「最近の若者は・・・」過剰に一般化する人の深刻な盲点 都合よく情報を拾ってしまう「認知の偏り」の罠とは?
「視界には入っているのに見えていない」という状況は、誰しもが一度は経験したことがあるのではないでしょうか。私たちの視点はつねに偏っていて、都合のいい情報だけを受け取ってそれが「すべて」だと思い込んでしまいます。 断片的な情報から過剰に一般化して決めつけてしまう認知の性質について、慶応義塾大学教授の今井むつみ氏が解説します。 ※本稿は今井氏の新著『「何回説明しても伝わらない」はなぜ起こるのか? 認知科学が教えるコミュニケーションの本質と解決策』から一部抜粋・再構成したものです。

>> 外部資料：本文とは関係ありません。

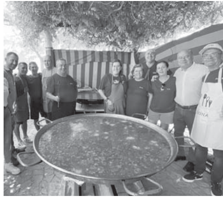
Instantes de la verbena. VIVA

El teniente de alcalde de Cooperación Ciudadana, Al-
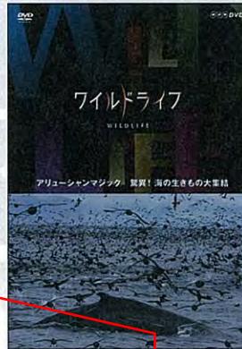
←特典映像として、スペクタクル映像集 (BGV) と番組予告集を収録。価格はDVD版2940円、ブルーレイ版3465円。

ンマジック』、『オーストラリア メルボルンの海』、『大西洋 フォークランド諸島』の3作品だ。今回は本作品の発売を記念して、『アリューシャンマジック』のDVDをプレゼント! 応募方法は139ページを参照。
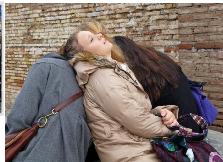
Visite passionnante... toutefois la fatigue se fait sentir !
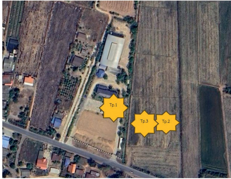
ภาพถ่ายดาวเทียมแสดงตำแหน่งหลุมขุดค้น

ความสำคัญของการค้นพบในครั้งนี้ทำให้สำนักศิลปากรที่ ๓ พระนครศรีอยุธยา ขออนุมัติงบประมาณบูรณะโบราณสถานฉุกเฉินเร่งด่วนจากกรมศิลปากร เพื่อการดำเนินการทางโบราณคดีในลักษณะงานโบราณคดีกู้ภัย ณ แหล่งโบราณคดีสีบัวทอง ตำบลสีบัวทอง อำเภอแสวงหา จังหวัดอ่างทอง
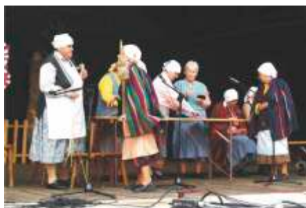
Obrzędy są oparte na prawdziwych wydarzeniach mających miejsce w Rzeręczycach
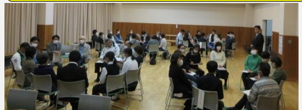
11月9日(木)今井・願連寺

お忙しい中、多くの地域住民の方々や小・中学校の先生方、丹原東中学校の生徒さんにご参加いただき、本当にありがとうございました。
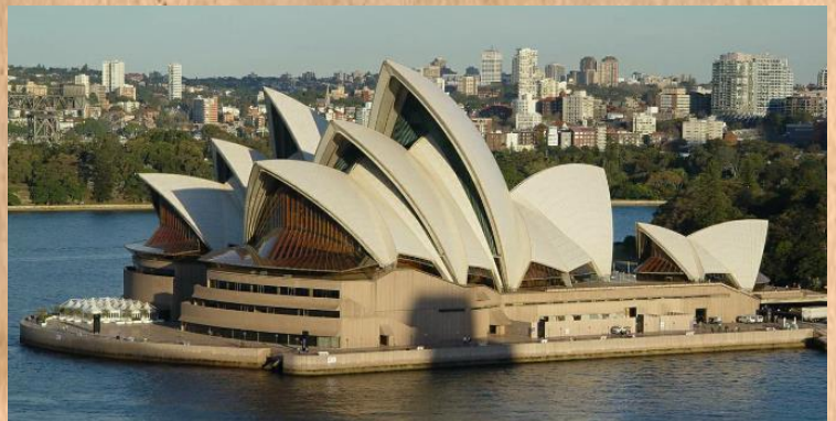
Opera v Sydney

Dnes můžeme očekávat teploty mezi 22°- 26°, oblačno, často však zataženo. Vítr mírný, jihovýchodní, místy čerstvý.
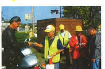
日出 会員によるバイク事故防止の呼びかけ
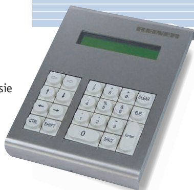
Option: unité de commande pour MultiPrinter 785 et MultiPrinter 787 (semblables)

75 Rue Paul et Marc Barbezat Z.I. Ouest la Soie 69150 Décines Tel : 04 78 49 06 08 Fax : 04 78 49 88 99
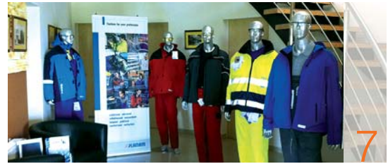
Egyedi igényekre koncentrálnak
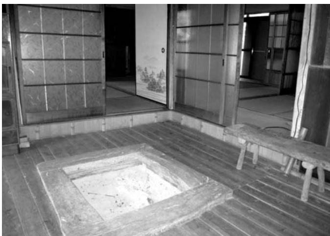
県内の自治体は古民家などの空き家を企業のオフィスとして貸し出す
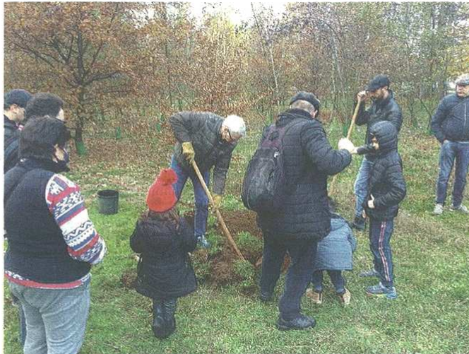
Il gruppo che ieri ha onorato la festa dell'albero con alcune piantumazioni

pubblicato il 21/11/2021 a pag. 28; autore: Carlo Colombo

■人の目はカメラのレンズではない 私たちは、ただ「見る」「聞く」という動作においても、スキーマや思い込みの影響を受けています。視野に入っていることと、見ていることは違います。目の前にあるものが見えない。そんなことがあります。 私は以前、つるがオレンジ色のメガネをかけていました。あるとき、飛行機の中で、そのメガネをかけたまま寝てしまったことがありました。 いつの間にか落ちてしまったようで、目が覚めたときにはメガネはどこにもありませんでした。座席の周りにも落ちていなさそう。どうやらシートの隙間から、その下に入ってしまったようでした。

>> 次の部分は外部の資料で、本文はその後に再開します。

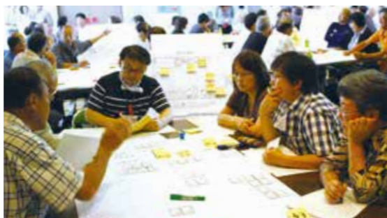
▲避難所運営ゲームに取り組む参加者

県下で最も大きな津波の被害の想定がされている福良地区で9月27日、「福良うずまるフェスタ」「津波防災フォーラム」を開催しました。
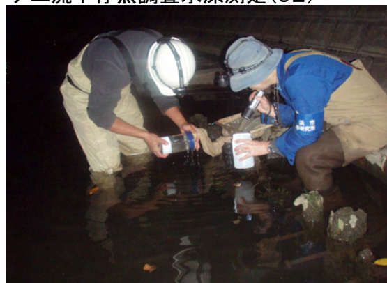
アユ流下仔魚調査回収作業(O4-2)
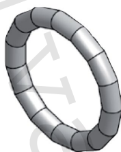
Těsnicí O-kroužek LBP
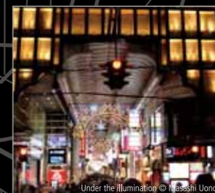
Under the Illumination © Takao Uono
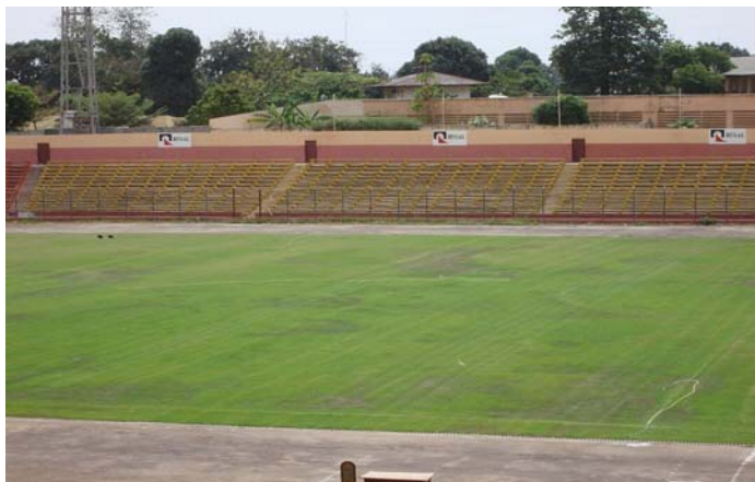
Estadio Anexo 28 de septiembre, Conakry – capacidad: 21,000 espectadores

Más información sobre Ganar en Africa con Africa: http://es.fifa.com/mm/goalproject/WinAF_S.pdf

シートはボルトで固定されているため、自分では取り出すことはできません。結局到着してから現地のメカニックの人に来てもらい、シートの下から取り出してもらうことになりました。 メカニックの人に「どんなメガネ?」と聞かれたので、私は、「オレンジ色のフレームのメガネです」と答えました。 メカニックの人はシートを外し、懐中電灯を当てて探しています。5分くらい探した後に、「マダム、どうしてもありません」と言いました。でも、飛行機に乗るときには確かにかけていたわけですから、ないはずはありません。

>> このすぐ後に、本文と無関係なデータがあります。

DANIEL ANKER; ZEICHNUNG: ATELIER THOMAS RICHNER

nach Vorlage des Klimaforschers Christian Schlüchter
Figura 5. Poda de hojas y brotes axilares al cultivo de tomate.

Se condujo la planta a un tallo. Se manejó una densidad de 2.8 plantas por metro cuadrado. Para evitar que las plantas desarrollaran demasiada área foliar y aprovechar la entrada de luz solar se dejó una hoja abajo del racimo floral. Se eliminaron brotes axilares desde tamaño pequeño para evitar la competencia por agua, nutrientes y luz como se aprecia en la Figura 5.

「この座席の下ですよね」。メカニックの人は指さしながら、シートの下を見せてくれました。するとそこには、ちゃんと私のメガネがあったのです。 私が、「これです」と言って取り上げると、メカニックの人はあんぐり口を開けて、とても驚いた様子でした。彼は、ふざけていたわけでも、冗談を言っていたわけでもありません。ただ「見えていなかった」ようなのです。 ■「視野に入った=見えている」ではない 目の前にあり、視野にしっかり入っているのになぜ「見えていなかった」のか。